At 2am Market Square in St George's is filling with glistening Jab
Mollasis and small boys busy with plastic buckets of paint. The air
is thick with barbeque smoke, the shrilling of whistles, pounding
soca and the cry of this carnival `Woy Yoy Yoy!' Men in paint daubed
dresses parade by, enamel posies on their heads.
Next afternoon I hit the Carenage in time to catch `Sailors On Leave'
mas band slowly chipping their way round the waterfront led by the
Angel Harps steelband. The band is led by a section of small girls in
brightly beaded braids, their sequinned faces shining. For some,
playing mas begins as soon as it's possible to toddle.
The pace of the steelband is ideal for scaling St George's steep
hills and the long haul to Queens Park for the Pageant, where the mas
bands will parade onstage.
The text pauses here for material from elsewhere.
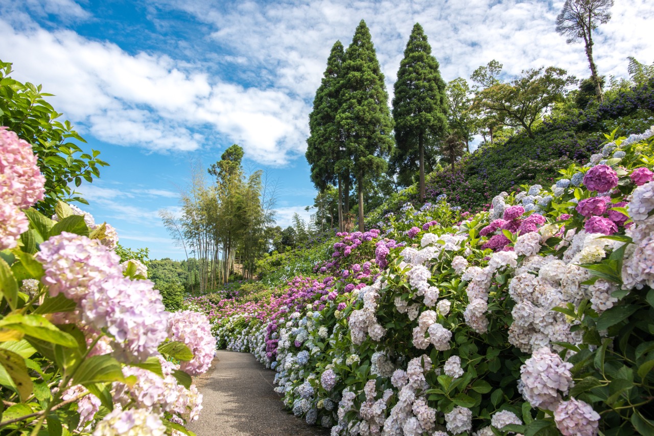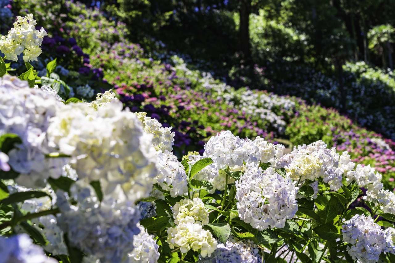 每年6月上旬至7月上旬的花季期間,約18,000平方公尺的山坡上盛開著超過250種、10,000株以上的繡球花,花色繽紛多樣,層層交織,將整片山坡妝點成壯麗的彩色花海。由於繡球花沿著山坡斜面栽種,無論從高處俯瞰,或由下往上欣賞,都能感受到滿滿的震撼感與視覺張力,視野中幾乎不受人工設施干擾,景色十分壯觀。園內各個角度皆可欣賞到全景式延展的繡球花田,是服部農園獨有的魅力。每到花季,不僅吸引縣內遊客,也有許多遠道而來的旅人造訪,已成為茂原廣受歡迎的觀光景點。園區步道多為斜坡,部分路段雨後易泥濘,建議穿著防滑、好行走的鞋款前往,以便安心漫步賞花。
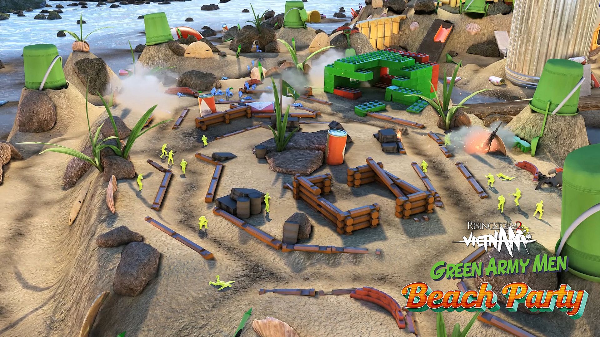 Toy soldiers clash in backyard brawls, pool dives, beach skirmishes, and holiday havoc in this action strategy simulation. Players wield green and blue plastic weapons like 5.56mm assault rifles, .45 pistols, 7.62mm sniper rifles, machineguns, shotguns, grenade launchers, flamethrowers, and explosives across four maps. No fall damage lets troops leap from helicopters, while any class pilots simplified choppers and calls in artillery, mortars, or napalm. This massively multiplayer total conversion runs inside the Rising Storm 2: Vietnam client on PC. Fight through sandcastles, garden tools, beer cans, and pool toys without needing air for underwater combat. Fans of squad-based tactical shooters with arcade twists grab the arsenal and jump into toy soldier warfare.

On the Esplanade, I hear the heavy tramp
of what sounds like a regiment approaching. It's a troop of Short
Knees, a traditional mas band, their wooden soled sabots beating a
tattoo over the flagstones. Some sport three foot high black top
hats, others favour arab headdress, whitecloth face masks and
multi-coloured swirling robes.
The Pageant features bands like `A Glimpse of the Past' and `Our
Spice Isle Attractions' - with a gorgeous section of market vendors
in floral dresses, spinning parasols . Yet it is `History of Our
Island' that reduces me to tears of laughter. The leader of the band
loses patience with his players, who seem to be having too much fun
offstage. He grabs the mike from a bewildered MC and screams three
times for ` Maurice Bishop' . The ill fated leader of the 1979
Revolution obviously has other priorities and only arrives just
before an invading American tank firing salvoes overhead!
Nightfall finds me back in St George's and after some prompting from my Grenadian friend who wants to see `How Trinis get on for Carnival' I'm wining down the road to Inspector's `Madness', this year's Roadmarch. Unaccountably many hours later I find myself on top of a bank of blasting speakers, riding a truck round the Carenage. Below on the road my friend nods in approval. Yes I do have some Trini blood in me and it's bacchanal time!